▸ **TASK GOAL**: Write the listing out again word for word. Pictures do not belong in the copy.

---------- EXERCISE DATA

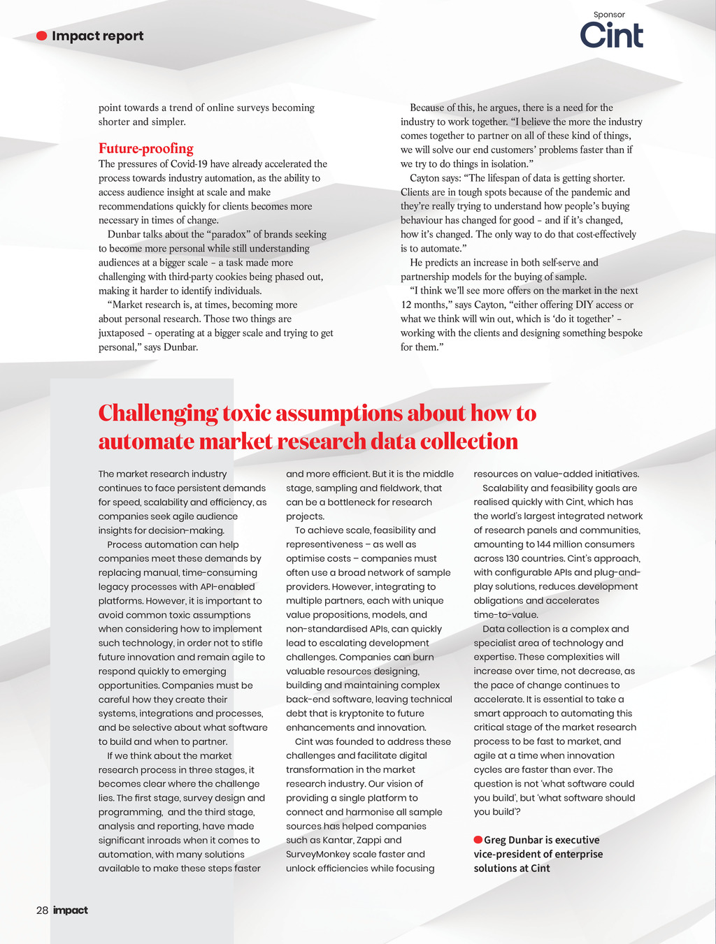 Sponsor Impact report point towards a trend of online surveys becoming shorter and simpler. Future-proofing The pressures of Covid-19 have already accelerated the process towards industry automation, as the ability to access audience insight at scale and make recommendations quickly for clients becomes more necessary in times of change. Dunbar talks about the paradox of brands seeking to become more personal while still understanding audiences at a bigger scale a task made more challenging with third-party cookies being phased out, making it harder to identify individuals. Market research is, at times, becoming more about personal research. Those two things are juxtaposed operating at a bigger scale and trying to get personal, says Dunbar. Because of this, he argues, there is a need for the industry to work together. I believe the more the industry comes together to partner on all of these kind of things, we will solve our end customers problems faster than if we try to do things in isolation. Cayton says: The lifespan of data is getting shorter. Clients are in tough spots because of the pandemic and theyre really trying to understand how peoples buying behaviour has changed for good and if its changed, is to automate. He predicts an increase in both self-serve and partnership models for the buying of sample. what we think will win out, which is do it together working with the clients and designing something bespoke for them. Challenging toxic assumptions about how to automate market research data collection resources on value-added initiatives. The market research industry Scalability and feasibility goals are continues to face persistent demands companies seek agile audience insights for decision-making. can be a bottleneck for research realised quickly with Cint, which has projects. the worlds largest integrated network To achieve scale, feasibility and of research panels and communities, representiveness as well as amounting to 144 million consumers companies meet these demands by optimise costs companies must across 130 countries. Cints approach, replacing manual, time-consuming often use a broad network of sample legacy processes with API-enabled providers. However, integrating to play solutions, reduces development platforms. However, it is important to multiple partners, each with unique obligations and accelerates avoid common toxic assumptions value propositions, models, and time-to-value. when considering how to implement non-standardised APIs, can quickly Process automation can help Data collection is a complex and lead to escalating development specialist area of technology and future innovation and remain agile to challenges. Companies can burn expertise. These complexities will respond quickly to emerging valuable resources designing, increase over time, not decrease, as opportunities. Companies must be building and maintaining complex the pace of change continues to careful how they create their back-end software, leaving technical accelerate. It is essential to take a systems, integrations and processes, debt that is kryptonite to future smart approach to automating this and be selective about what software enhancements and innovation. critical stage of the market research to build and when to partner. Cint was founded to address these process to be fast to market, and challenges and facilitate digital agile at a time when innovation research process in three stages, it transformation in the market cycles are faster than ever. The becomes clear where the challenge research industry. Our vision of question is not what software could providing a single platform to you build, but what software should programming, and the third stage, connect and harmonise all sample you build? analysis and reporting, have made sources has helped companies If we think about the market such as Kantar, Zappi and automation, with many solutions available to make these steps faster SurveyMonkey scale faster and Greg Dunbar is executive vice-president of enterprise solutions at Cint 28 Impact ISSUE 34 2021_pp21-29_Report.indd 28 18/06/2021 16:52
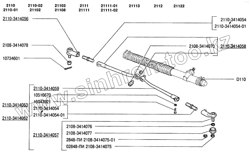 Каталог запасных частей к технике: ВАЗ-2110. Привод рулевой
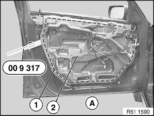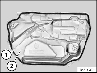 Using special tool 00 9 317, lever out sealing bead (1) of sound insulation (2) completely or if necessary partially.
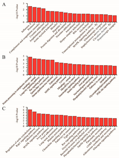 KEGG analyses of differentially expressed genes between the SP and LP groups. (A) The top 20 KEGG enrichment pathways for differentially expressed mRNAs between the SP and LP groups. (B) The top 20 KEGG enrichment pathways for differentially expressed lncRNA target genes between the SP and LP groups. (C) The top 20 KEGG enrichment pathways for differentially expressed circRNA host genes between the SP and LP groups.

--------------------

▸ **EXPECTED ANSWER**:
 Sponsor Impact report point towards a trend of online surveys becoming shorter and simpler. Future-proofing The pressures of Covid-19 have already accelerated the process towards industry automation, as the ability to access audience insight at scale and make recommendations quickly for clients becomes more necessary in times of change. Dunbar talks about the paradox of brands seeking to become more personal while still understanding audiences at a bigger scale a task made more challenging with third-party cookies being phased out, making it harder to identify individuals. Market research is, at times, becoming more about personal research. Those two things are juxtaposed operating at a bigger scale and trying to get personal, says Dunbar. Because of this, he argues, there is a need for the industry to work together. I believe the more the industry comes together to partner on all of these kind of things, we will solve our end customers problems faster than if we try to do things in isolation. Cayton says: The lifespan of data is getting shorter. Clients are in tough spots because of the pandemic and theyre really trying to understand how peoples buying behaviour has changed for good and if its changed, is to automate. He predicts an increase in both self-serve and partnership models for the buying of sample. what we think will win out, which is do it together working with the clients and designing something bespoke for them. Challenging toxic assumptions about how to automate market research data collection resources on value-added initiatives. The market research industry Scalability and feasibility goals are continues to face persistent demands companies seek agile audience insights for decision-making. can be a bottleneck for research realised quickly with Cint, which has projects. the worlds largest integrated network To achieve scale, feasibility and of research panels and communities, representiveness as well as amounting to 144 million consumers companies meet these demands by optimise costs companies must across 130 countries. Cints approach, replacing manual, time-consuming often use a broad network of sample legacy processes with API-enabled providers. However, integrating to play solutions, reduces development platforms. However, it is important to multiple partners, each with unique obligations and accelerates avoid common toxic assumptions value propositions, models, and time-to-value. when considering how to implement non-standardised APIs, can quickly Process automation can help Data collection is a complex and lead to escalating development specialist area of technology and future innovation and remain agile to challenges. Companies can burn expertise. These complexities will respond quickly to emerging valuable resources designing, increase over time, not decrease, as opportunities. Companies must be building and maintaining complex the pace of change continues to careful how they create their back-end software, leaving technical accelerate. It is essential to take a systems, integrations and processes, debt that is kryptonite to future smart approach to automating this and be selective about what software enhancements and innovation. critical stage of the market research to build and when to partner. Cint was founded to address these process to be fast to market, and challenges and facilitate digital agile at a time when innovation research process in three stages, it transformation in the market cycles are faster than ever. The becomes clear where the challenge research industry. Our vision of question is not what software could providing a single platform to you build, but what software should programming, and the third stage, connect and harmonise all sample you build? analysis and reporting, have made sources has helped companies If we think about the market such as Kantar, Zappi and automation, with many solutions available to make these steps faster SurveyMonkey scale faster and Greg Dunbar is executive vice-president of enterprise solutions at Cint 28 Impact ISSUE 34 2021_pp21-29_Report.indd 28 18/06/2021 16:52
 Каталог запасных частей к технике: ВАЗ-2110. Привод рулевой
 Using special tool 00 9 317, lever out sealing bead (1) of sound insulation (2) completely or if necessary partially.
 KEGG analyses of differentially expressed genes between the SP and LP groups. (A) The top 20 KEGG enrichment pathways for differentially expressed mRNAs between the SP and LP groups. (B) The top 20 KEGG enrichment pathways for differentially expressed lncRNA target genes between the SP and LP groups. (C) The top 20 KEGG enrichment pathways for differentially expressed circRNA host genes between the SP and LP groups.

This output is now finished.